Setting tempat Setting Sosial Budaya

Kulihat Mbak Kalsum sudah mengantuk dan merasa lelah dengan geliat Fadilah, anaknya. Akupun bergegas menuju kamar dan menata hatiku untuk menyambut kedatangan lek Khudhori pada suatu pagi di awal Juli nanti. Abidah El Khalieqy, 2001: 141-142. “Kalau belum terlalu capek, temuilah mereka kembali. Memang adat kita seperti ini. Jika kalian kangen, kan masih ada esok dan lusa. Dan kau, Nisa sebaiknya temani Ibumu diruang tamu, jangan ngumpet terus, tidak baik.” Abidah El Khalieqy, 2001: 150.

b. Setting tempat

Setting tempat adalah tempat cerita. Setting cerita dalam novel PBS ini lebih banyak di lingkungan pesantren, Gontor, Jogja, Kairo Mesir, Berlin, RS Sarjito, dan gedung bioskop. Hal itu terlihat pada kutipan berikut: Sejak aku terlahir ke dunia, kata ibuku, Hajjah Mutmainah, aku selalu digadang dan diharapkan agar kelak dapat menggantikan posisi bapak. Tetapi, dalam benakku, harapan itu tak pernah muncul sebagai cita-cita. Sepertinya, aku lebih suka untuk bersekolah dan mencari ilmu yang lebih luas dari kompleks pondok kami, juga lebih tinggi dari ilmu yang diperoleh para santri yang paling tua sekalipun. Pondok kami memang bukan pondok besar sebagaimana pondok pesantren Bahrul ulum Tambakberas atau Tebuireng. Abidah El Khalieqy, 2001: 51- 52. Berdua menuju gedung bioskop, berdebar juga perasaanku. Ini pengalaman pertamaku. Seakan menuju sebuah jurang hitam penuh ular berbisa yang siap menggigitku. Abidah El Khalieqy, 2001: 64. Keindahan kata-katanya dalam menyatakan kerinduan membuatku terus berada dalam situasi kepayang. Ia meminta fotoku terbaru dengan mengenakan baju ghalabeya Mesir, kirimannya dan sebait puisi. Abidah El Khalieqy, 2001: 56. Didukung lek Khudhori yang mendapat cuti selama setahun setamat mondok di Gontor untuk mempersiapkan beasiswanya di Al-Azhar, Kairo, aku habiskan seluruh jam mainku untuk latihan naik kuda, mendengar kisah para istri nabi dalam al qur’an, para ratu yang terlupakan dan kisah-kisah perempuan sufi dai mulut lek Khudhori. Abidah El Khalieqy, 2001: 25. “Sedang meneruskan sekolahnya di Berlin, Mbak. Mengambil es-dua.” “Berlin?
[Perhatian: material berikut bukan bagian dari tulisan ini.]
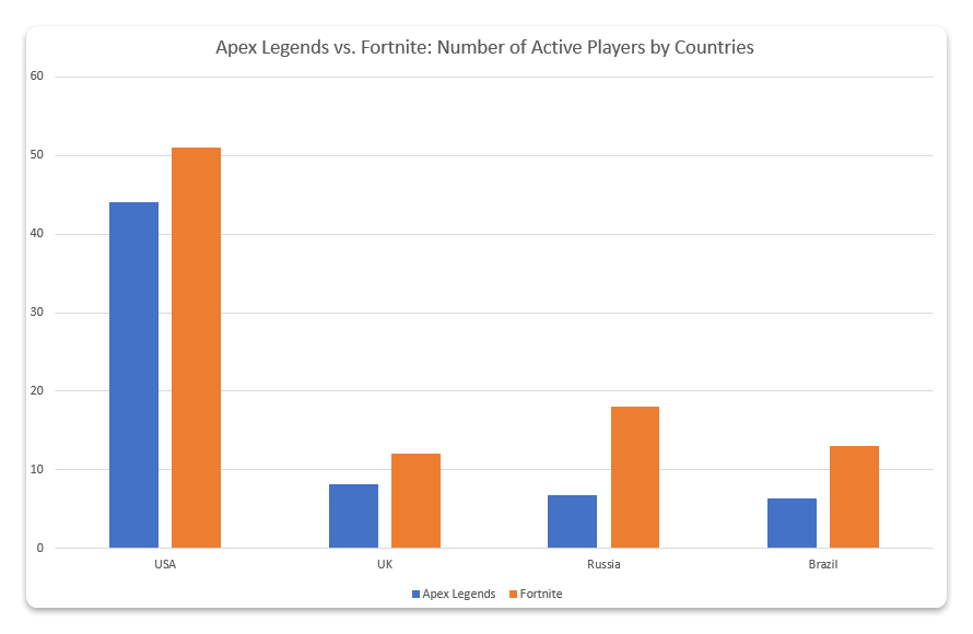 我们可以看到这两款游戏在美国都很受欢迎。 Apex 在该国的用户数量尤其接近《堡垒之夜》。因此,我们不知道《堡垒之夜》未来几年是否能在美国保持其地位。
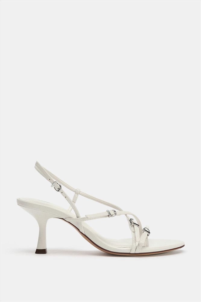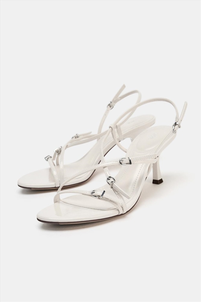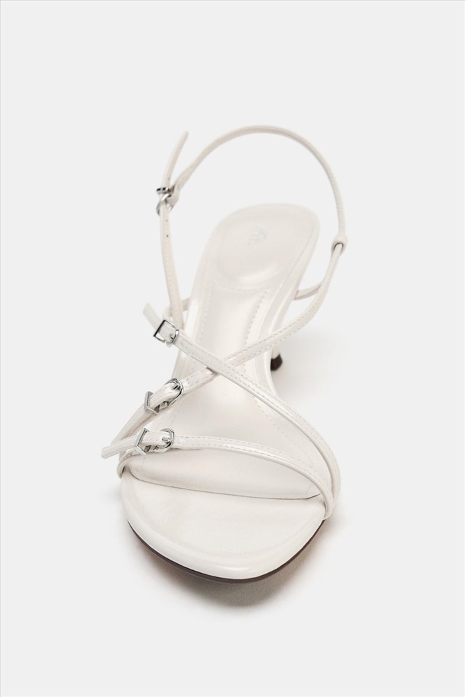 Heeled sandal shoes. Crossover straps with metallic buckle detail. Round toe. COMPOSITION, CARE & ORIGIN COMPOSITION UPPER 100% polyurethane LINING 100% polyurethane SOLE 100% polyurethane thermoplastic INSOLE 100% polyurethane
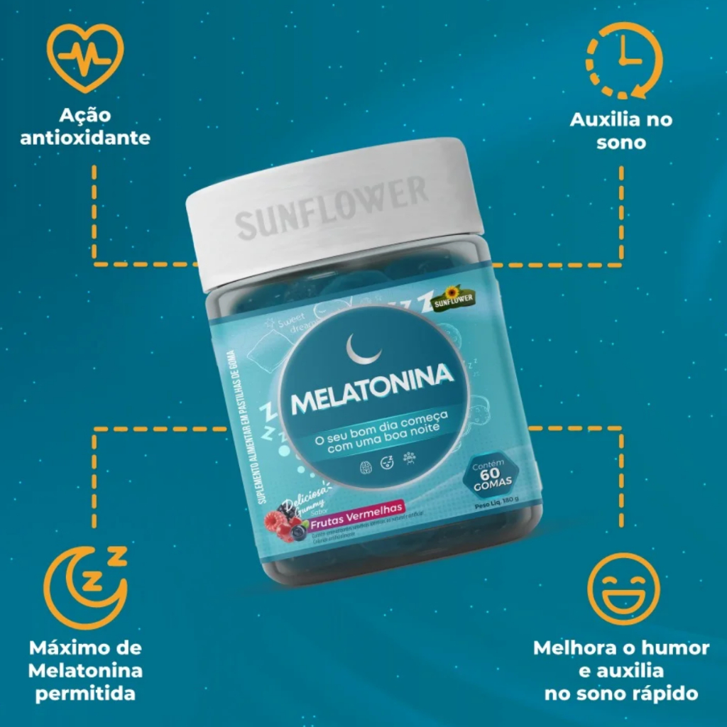 Kit 2 Melatonina Em Goma Frutas Vermelhas 120 Gomas Melato Gummy Para Sono Insônia Nutri Sunflower

Berlin itu negara Jerman ya....? Aku mengangguk bangga, Mbak Kalsum terkesima. Abidah El Khalieqy, 2001: 127.

c. Setting Sosial Budaya

Pengarang novel ini Abidah El Khalieqy telah memaparkan cerita dalam bentuk peristiwa lebih menonjolkan kultur sosial pondok pesantren tetapi juga menempatkan setting budaya tempat-tempat yang sekuler. Misalnya dalam hal ini dia memaparkan kondisi sosial budaya di sekitar gedung bioskop dan segala aktivitasnya. Hal ini menandakan bahwa novel ini memberikan gambaran kehidupan sosial budaya yang komplek meskipun novel ini menceritakan kehidupan anggota keluarga para kiai. Hal itu terlihat pada kutipan berikut: Berdua menuju gedung bioskop, berdebar juga perasaanku. Ini pengalaman pertamaku. Seakan menuju sebuah jurang hitam penuh ular berbisa yang siap menggigitku. Abidah El Khalieqy, 2001: 64. “Kalau begitu, panggil saja lekmu kemari dan nonton saja bersamanya. Lagian film apa yang ingin kamu tonton? Film Si Unyil atau filmu cinta-cintaan? Kau benar-benar ingin merasakan penjara bapakmu. Abidah El Khalieqy, 2001: 64. “Entahlah, Kata, lekku sih, termasuk bahasa Arab. Bahasa Arab itu simbolnya orang Islam, tapi kalau di negeri Arab, orang jahat juga menggunakan bahasa Arab. Para penari perempuan membuka bajunya juga dengan bahasa Arab. Ah, entahlah...” Abidah El Khalieqy, 2001: 61. “Kalau belum terlalu capek, temuilah mereka kembali. Memang adat kita seperti ini. Jika kalian kangen, kan masih ada esok dan lusa. Dan kau, Nisa sebaiknya temani Ibumu diruang tamu, jangan ngumpet terus, tidak baik.” Abidah El Khalieqy, 2001: 150.